En un comunicado, la empresa señaló que los procesos se están desarrollando bajo estrictos criterios de confidencialidad, debido proceso, respeto por las familias y acompañamiento a las eventuales víctimas. Además, precisó que dos de los implicados fueron apartados de sus cargos mientras se adelantan las investigaciones.
Intervención del Ministerio del Trabajo
El caso escaló rápidamente a la autoridad laboral.
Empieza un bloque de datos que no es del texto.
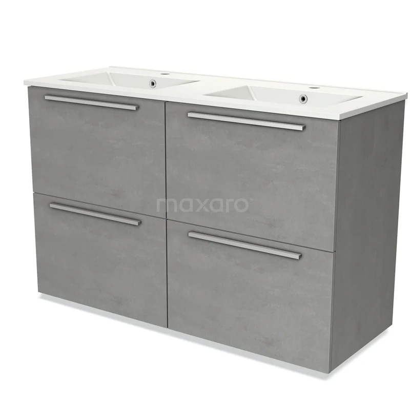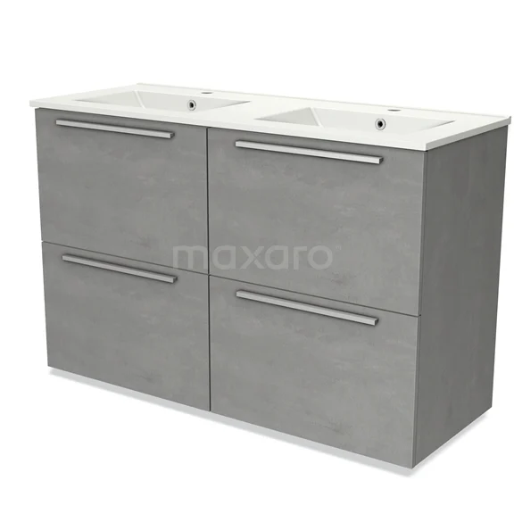 Modulo Bathroom furniture with sink | 120 cm Light grey concrete Flat front Ceramic 4 high drawers

El ministro del Trabajo, Antonio Sanguino, anunció que se activarán labores de inspección, vigilancia y control para verificar las condiciones laborales en el canal y revisar cómo se está atendiendo la situación.
“Los procedimientos internos de las empresas no sustituyen las obligaciones legales frente a hechos de violencia o acoso en el trabajo. El objetivo de nuestra intervención es garantizar protección a las víctimas y determinar si existen elementos para actuaciones adicionales”, señaló Sanguino, haciendo referencia al Convenio 190 de la OIT, ratificado por Colombia, que protege los entornos laborales frente a violencia y acoso.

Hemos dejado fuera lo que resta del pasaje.